◆ Dataset records ◆
========================================================================

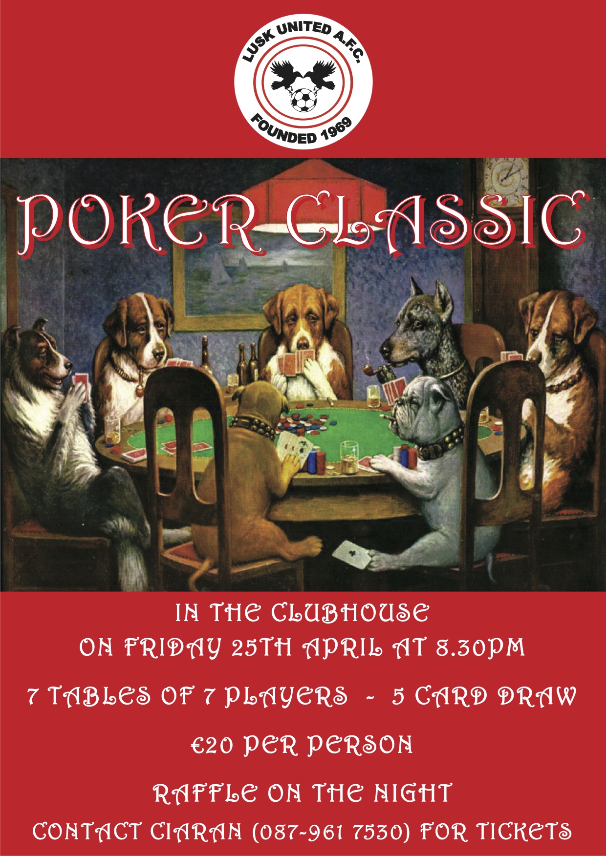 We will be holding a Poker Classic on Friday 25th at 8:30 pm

========================================================================

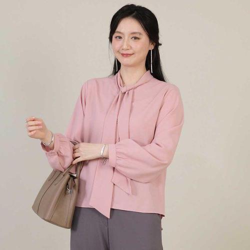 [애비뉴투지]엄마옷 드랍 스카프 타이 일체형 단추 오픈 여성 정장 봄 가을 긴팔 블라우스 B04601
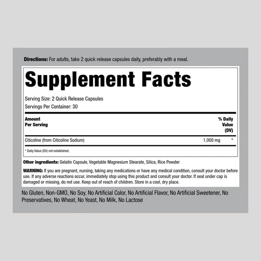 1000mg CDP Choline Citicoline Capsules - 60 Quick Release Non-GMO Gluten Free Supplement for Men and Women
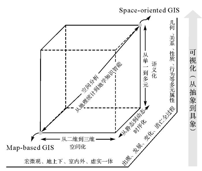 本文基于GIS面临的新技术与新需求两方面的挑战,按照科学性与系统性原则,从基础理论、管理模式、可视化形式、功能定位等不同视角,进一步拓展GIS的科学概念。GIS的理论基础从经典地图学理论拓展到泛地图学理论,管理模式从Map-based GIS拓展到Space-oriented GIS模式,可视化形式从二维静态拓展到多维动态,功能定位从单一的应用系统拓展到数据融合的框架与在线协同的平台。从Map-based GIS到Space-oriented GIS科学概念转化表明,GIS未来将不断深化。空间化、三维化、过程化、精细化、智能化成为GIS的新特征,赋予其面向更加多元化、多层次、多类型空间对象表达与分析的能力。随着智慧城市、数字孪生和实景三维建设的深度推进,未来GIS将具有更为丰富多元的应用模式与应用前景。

========================================================================

In the entries above, find the line with "[애비뉴투지]엄마옷 드랍 스카프" and the line with "1000mg CDP Choline". Return exactly those lines and all the ones between them, pictures excluded.

 [애비뉴투지]엄마옷 드랍 스카프 타이 일체형 단추 오픈 여성 정장 봄 가을 긴팔 블라우스 B04601
 1000mg CDP Choline Citicoline Capsules - 60 Quick Release Non-GMO Gluten Free Supplement for Men and Women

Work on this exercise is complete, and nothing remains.